Businesses risk disruption to payments systems as SEPA deadline looms

The European Central Bank has warned that mid-sized business have not migrated systems in preparation for the forthcoming SEPA deadline, risking disruption to payments.


Small and medium sized businesses are stalling on updating their payment systems in preparation for the Single Euro Payments Area (SEPA) and face disruption if they leave the necessary changes until the last minute. 

The European Central Bank has warned companies that are stalling on updating their systems that the deadline is fast approaching and that big-bang upgrades will cause significant problems to payments in the region.  

The SEPA initiative is a part of wider European Commission plans for a single market for the euro currency, first unveiled back in 2002. It is aimed at improving the speed and reducing the costs of cross-border credit and debit payments by businesses, as well as increasing competition between banks.

Although changes are mainly aimed at countries using the euro, any UK business making regular payments with the currency will be impacted. 

The deadline for the migration to the SEPA credit transfer (SCT) and SEPA direct debit (SDD) schemes is set for 1 February 2014. 

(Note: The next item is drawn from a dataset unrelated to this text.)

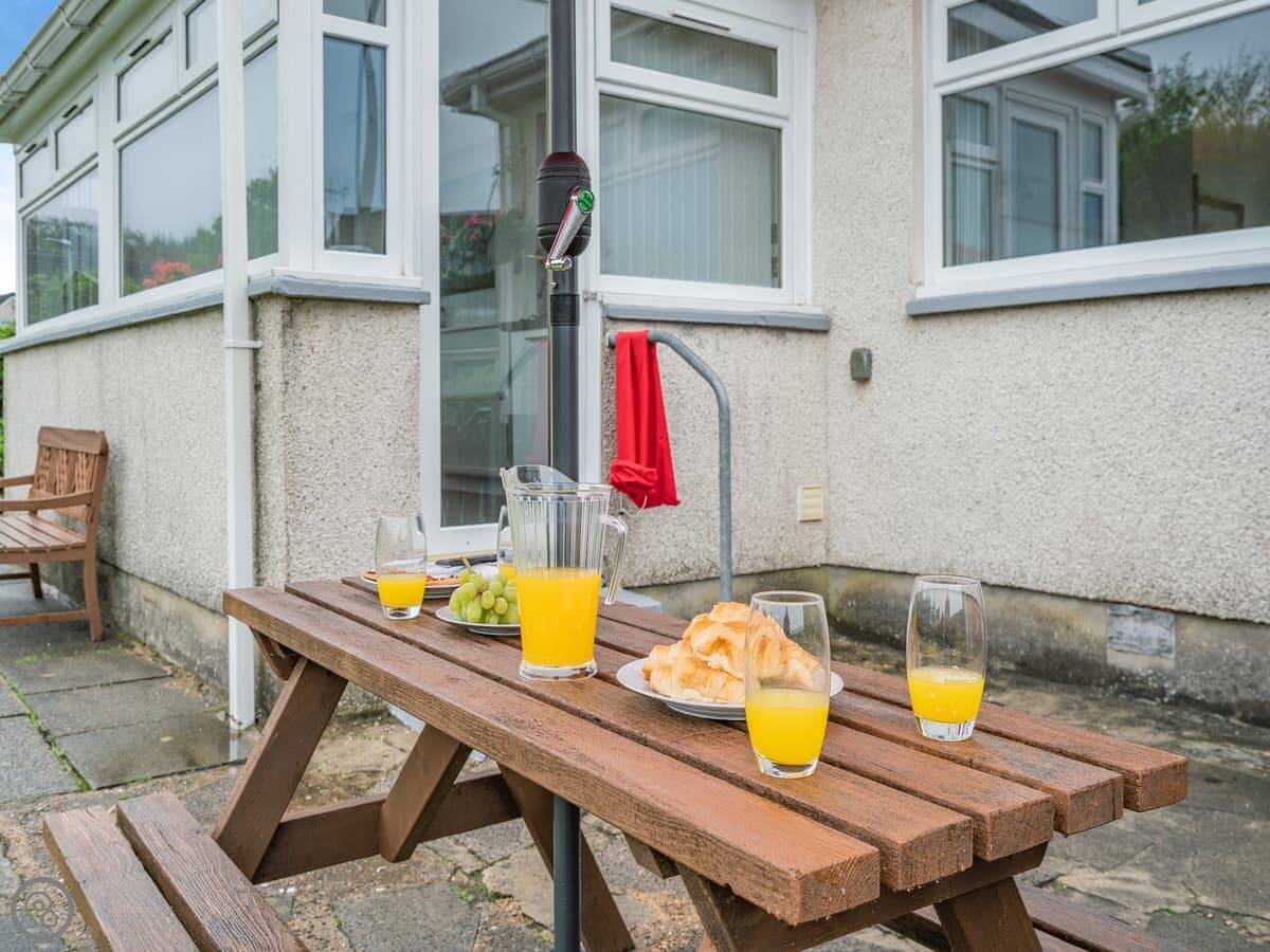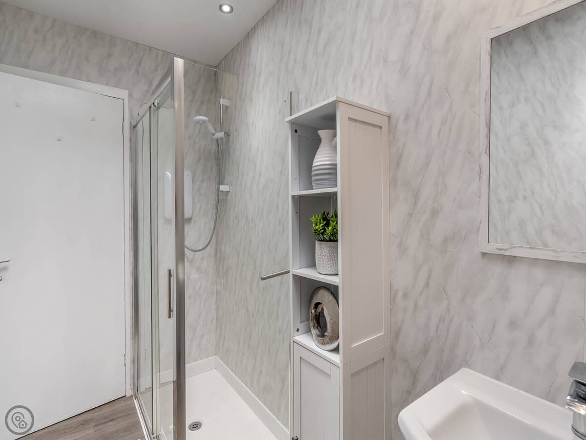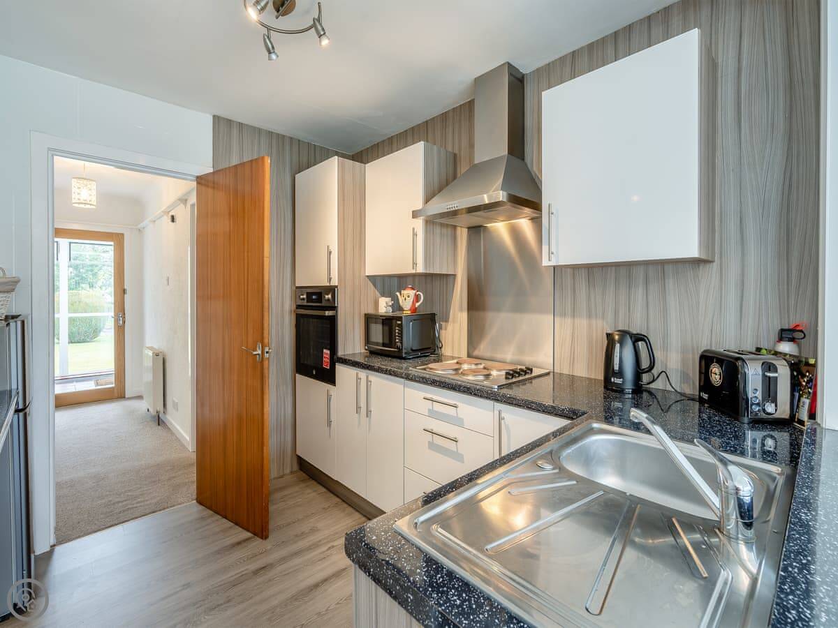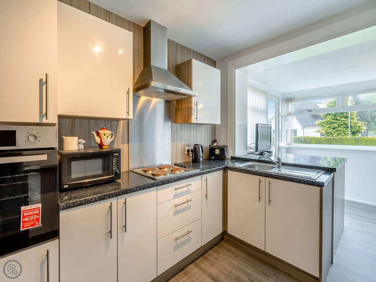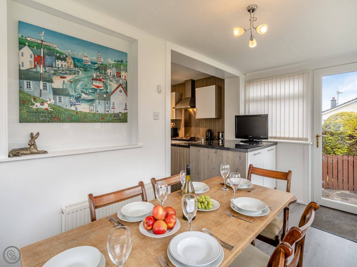 It sleeps six in three bedrooms. Two doubles and a twin. There's one bathroom with a good shower. The rating is 4 Star, which means it's well looked after and comfortable. It's not huge, but it's got everything you need. The kitchen is open plan into a sunroom where the dining table is, so it's a decent space for everyone to be together.

UK banks have invested in their systems to enable SEPA transfers, and many larger businesses are already prepared for the regulationsHowever many small mid-sized businesses are yet to act and are not prepared for the upcoming changes, according to the ECB’s second migration report.

Benoît Cœuré, member of the executive board of the ECB, commented: “I have said this before and will repeat it: everybody has to be ready on 1 February 2014 or risk disruptions in their individual handling of payment orders. 

“Since our first migration report, we have been emphasising the fact that both payments providers and users are responsible for being sufficiently prepared. And our message to them is still the same: don’t leave it to the last minute.”

The ECB report specifically warns against last minute “big bang” migrations, which will create "capacity issues and bottlenecks" for payments providers as the deadline approaches, and put time pressures on end users which will need to test their own systems and adapt to the payment service providers’ new standards.

Cœuré continued: “A successful migration will require considerable effort, so it is important to further strengthen communication and cooperation among key stakeholders and competent authorities at the national level.”

In order to avoid payments being blocked, many SMEs have decided to use XML conversion services supplied by many banks to meet payment requirements. But the report warns that relying on these conversion services for too long “may prevent stakeholders from reaping the full benefits of SEPA”, and will still require some preparation.

For businesses seeking to fully comply with SEPA regulations it will be necessary to update their databases and financial systems to incorporate new payment details for customers and suppliers, as well as ensuring they have up-to-date versions of enterprise resource planning (ERP) systems.